The inaugural Great Dublin Bike Ride took place yesterday and it was a brilliant event.  I’ve never taken part in an organised bike ride before so wasn’t completely sure what to expect.  I’ve taken part in quite a few large running events so I presumed the basic organisation would be similar.  A great advantage for me was that the sign-on and start locations were in Smithfield which is not to far from where I live.  I signed-on on Saturday and received my goody bag and cycling jersey.  There wasn’t a queue really (I arrived at about midday and the sign-on was open 10am-6pm)  The goody bag was fairly basic with a water bottle, a couple of bars, and the race numbers for me and my bike.  Personally I’m not at all bothered by the goody bag at events but the cycling jersey was quite nice.

So I was up early on Sunday morning.  The 100km waves (not based on any time, just entry on a first come first served basis) left at 8am and 8.08am so I wanted to be on time.  I arrived at about 7.25am and it was very well organised with plenty of marshals and sufficient toilets.  There was also a bag drop (which I didn’t use).  Unlike a marathon there isn’t quite the same need to be as hydrated so the toilets didn’t seem to be in as much demand.  At about 7.40am I rolled into the first pen and found myself a bit closer to the start than I anticipated.  I cycle to work every day and have been training for the Dublin marathon but had done very little cycle training.  I cycled up to Howth Head the week before and did a spin around the Phoenix Park too.  I was hoping that my running training would provide a good enough base for the cycle but didn’t want to try mixing it with the top cyclists!

We set off on time and it was a great feeling to roll along the quays with no cars and not having to stop.  It was also wonderfully quiet.  There were over 3,000 entrants (and maybe 700 in the group I left with) but it felt very calm as the wideness of the quays reduced the risk of any crashes.  In theory the roads were only closed to until the Point but in reality the Gardaí and marshals did a great job of running rolling road closures along the route.  In effect I cycled about 95km before I had to stop at a red light!

The weather was unpredictable so I was unsure what to wear.  In the end I wore a base layer, the free cycling jersey, and a long sleeve Lidl jersey.  I wore cycling shorts (I was unsure whether to wear leggings for the cold but the shorts were fine) and gloves (Penney’s regular knitwear gloves).  I took the gloves off after about 50km but kept both jerseys on.  I also had a small bag on my back to carry some food.  I had the genius idea of keeping my spare tubes and tyre levers in a spare water bottle on my bike (I had 2 carriers).  I probably over did the food.  I ate my 4 small Snickers (well the Lidl version) and an energy gel but didn’t need all the peanuts I brought and brought too much water.  I’ll know next time.
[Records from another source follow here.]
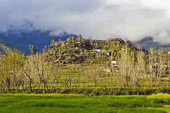 Marghuzar, or Marghazar is a hill station located in the Swat District of the Khyber Pakhtunkhwa province of Pakistan, and is 13 kilometers away from Saidu Sharif. Marghuzar, translated as "green land", contains green valleys, cold springs, and mountains, including the Elum Ghar mountain.[1] In 1940, the then Wali of Swat, Miangul Abdul Wadud, decided to build a summer residence there for himself which became the summer capital of Swat. The palace was named Sufed Mahal, translated as The White Palace. The palace has since been converted into a hotel.[2][3] Marghuzar has a 200-year-old colossal chinar tree, which serves as a canopy for visitors. There is also a middle school and one primary school for boys and girls each, but there aren't any hospitals or clinics.
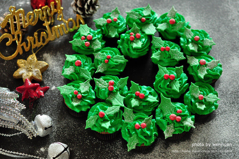 14:将绿色翻糖做成冬青叶,红色翻糖搓成圆珠装饰在蛋糕上。
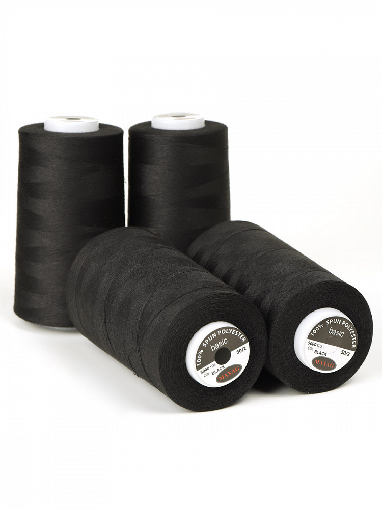 Нитки швейные Max 50/2, 4570 м (5000 ярд), 000 черный / 4 бобины

The route was a nice one.  There was a nice mix of city, sea (Dollymount and Malahide), and countryside.  The first 20km flew by.  From about 30km (after Swords) the route was hillier.  I love hills, I’m quite light so generally I fly up them.  Given the length of the cycle I’d to make sure not to let my hill induced excitement get the better of me.  I got chatting to a couple of cyclists on the hilly section who seemed to be under the impression that the course was flat.  But the course profile clearly showed the hills so they didn’t really have a lot to complain about!  I was also chatting with a Guard who was doing the full course on a Garda bicycle which must have been tough as basically it’s a mountain bike with big knobbly tyres.  There was also a surprising amount of roadkill but maybe in a car most of it flies by too quick to notice!

GBDR Route

The climbs mostly finished by the time we reached the main food stop in Garristown.  I briefly debated would I stop at all and push on until the finish but realised that this was madness!  The food stop was brilliantly organised with very friendly volunteers and great food.  I parked my bike, used the toilet, grabbed a banana, and headed into the community hall.  There was a wide selection of sandwiches (I went for the ham option).  Combined with a cup of hot tea I felt great when I left.  There was one more hill before it levelled out and then started to head down towards the city.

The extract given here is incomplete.